Key Challenge: The "latency rate" of recognition errors is much higher than the "manifestation rate"—once rubrics are tightened or downstream tasks like circuit-to-netlist are performed, these latent errors will explode. Traditional evaluation protocols focus solely on "grading agreement" and fail to identify them.
Goal: To establish a dual-metric system for "upstream recognition fidelity + downstream grading" to quantitatively answer (i) the prevalence of recognition errors, (ii) which types are most critical, and (iii) whether error patterns can be used for defense.
Key Insight: A dual-split approach is used, creating an "observation set" (513 snapshots with word-for-word expert verifications for training/analysis) and a "test set" (821 snapshots with only ground-truth scores to simulate generalization/deployment). An LLM-as-a-judge is employed to automatically list and then categorize recognition errors.

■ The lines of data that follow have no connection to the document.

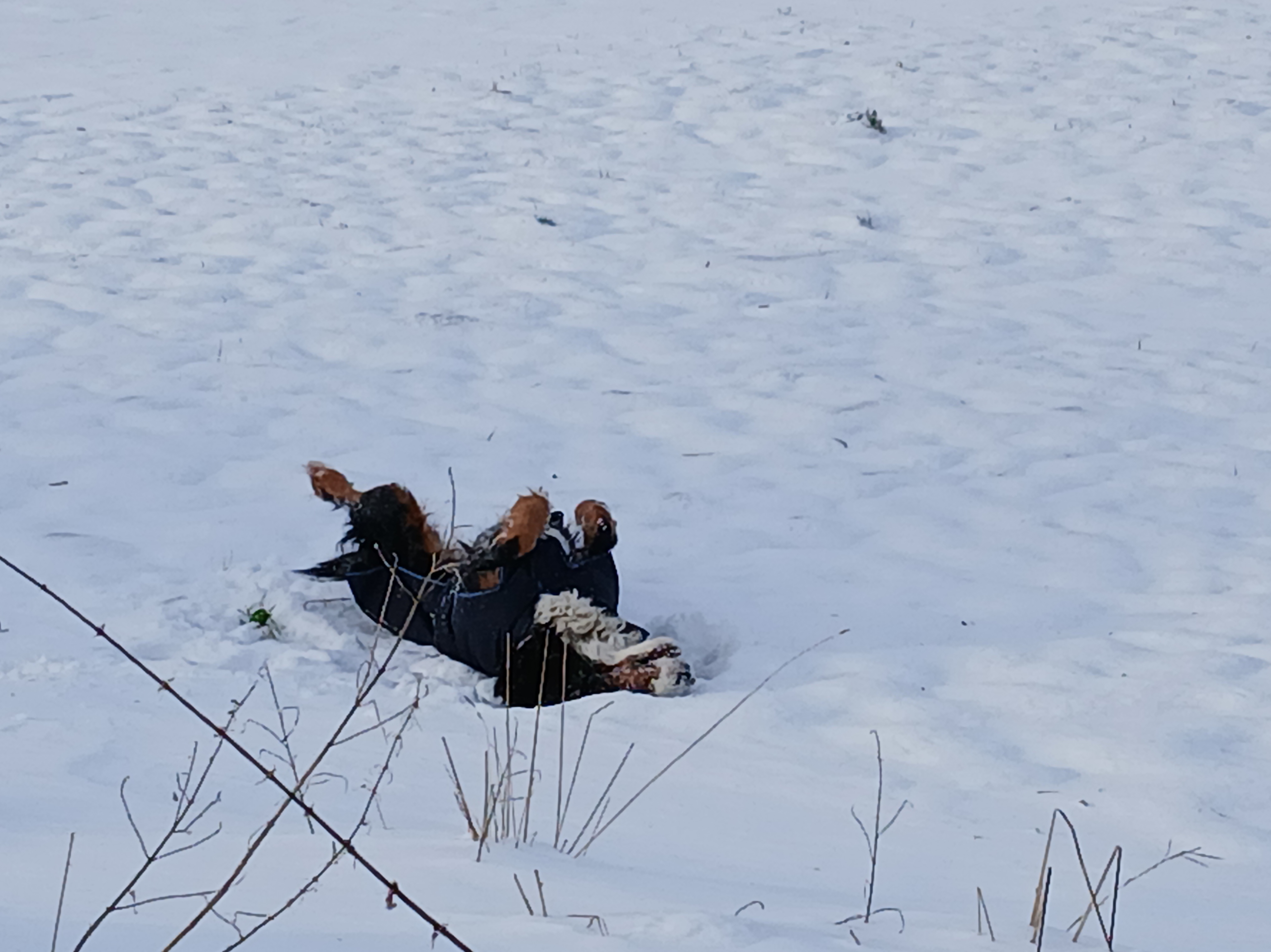 Wir fuhren also wieder zurück, zum Unglücksort. Ich schaute mir die Stelle an und ich frage mich immer noch wie das passieren konnte und war nur froh, dass Rosi nicht vor mir bei den Büschen ankam. Wir hatten einen tollen Nachmittag und haben wieder wunderbare Fotos gemacht. Rosi hat noch Schnee gefunden und wieder Rosi Schneeengel gemacht.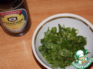 Добавить к чесноку зелень петрушки и соевый соус, перемешать.
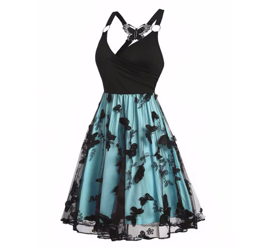 Butterfly 🦋 Fashion, Slim Pullover Mesh Elegant Vintage, Women’s Dress

Core Idea: Use "expert word-for-word transcription" as an oracle to calculate recognition errors, define high-level Error Impact Rate (EIR) to map recognition errors to grading errors, and finally implement a regrading pipeline via "error patterns \(\to\) low-confidence routing \(\to\) human-in-the-loop" to transform recognition vulnerability into a controllable cost.
Method¶
Overall Architecture¶
The entire benchmark and diagnostic workflow is as follows: (1) Data Collection: 1,334 handwritten solutions from 29 students across 62 textbook problems in a Spring 2025 undergraduate circuit course at a US research university. Experts provided 5-dimensional rubric scores (E / M / U / C / NC). The observation set (11 students, 513 snapshots) provides expert transcriptions in Markdown and natural language descriptions of diagrams; the test set (18 students, 821 snapshots) contains only ground-truth scores. (2) Recognition Evaluation: 6 MLLMs (Gemini-3-Pro-Preview, Gemini-2.5-Pro, GPT-5.1, Claude-4.5-Sonnet, Qwen3-VL-Plus/8B-Thinking) perform recognition. Gemini-2.5-Pro serves as the LLM-judge comparing against the oracle to list discrepant items, which are then classified into four categories (Symbolic & Character / Structural & Notational / Diagrammatic / Textual & Logical). (3) Downstream Grading: GPT-5.1 is fixed as the grader, outputting scores based on problem + reference + rubric. Binary / Type / Point agreement is calculated against expert reports. (4) Impact Analysis: EIR is defined as the ratio of recognition errors causing scoring differences to total recognition errors. (5) Regrading Case Study: Error patterns summarized from the observation set are injected into prompts to detect potential recognition errors in the test set, routing low-confidence samples to humans for regrading.
Key Designs¶
-
Dual-layer Evaluation Protocol (\(\text{SER}\) / \(\text{AEC} + \text{EIR} + \text{Binary/Type/Point Agreement}\)):
- Function: Decouples "recognition" and "grading" and quantifies error propagation.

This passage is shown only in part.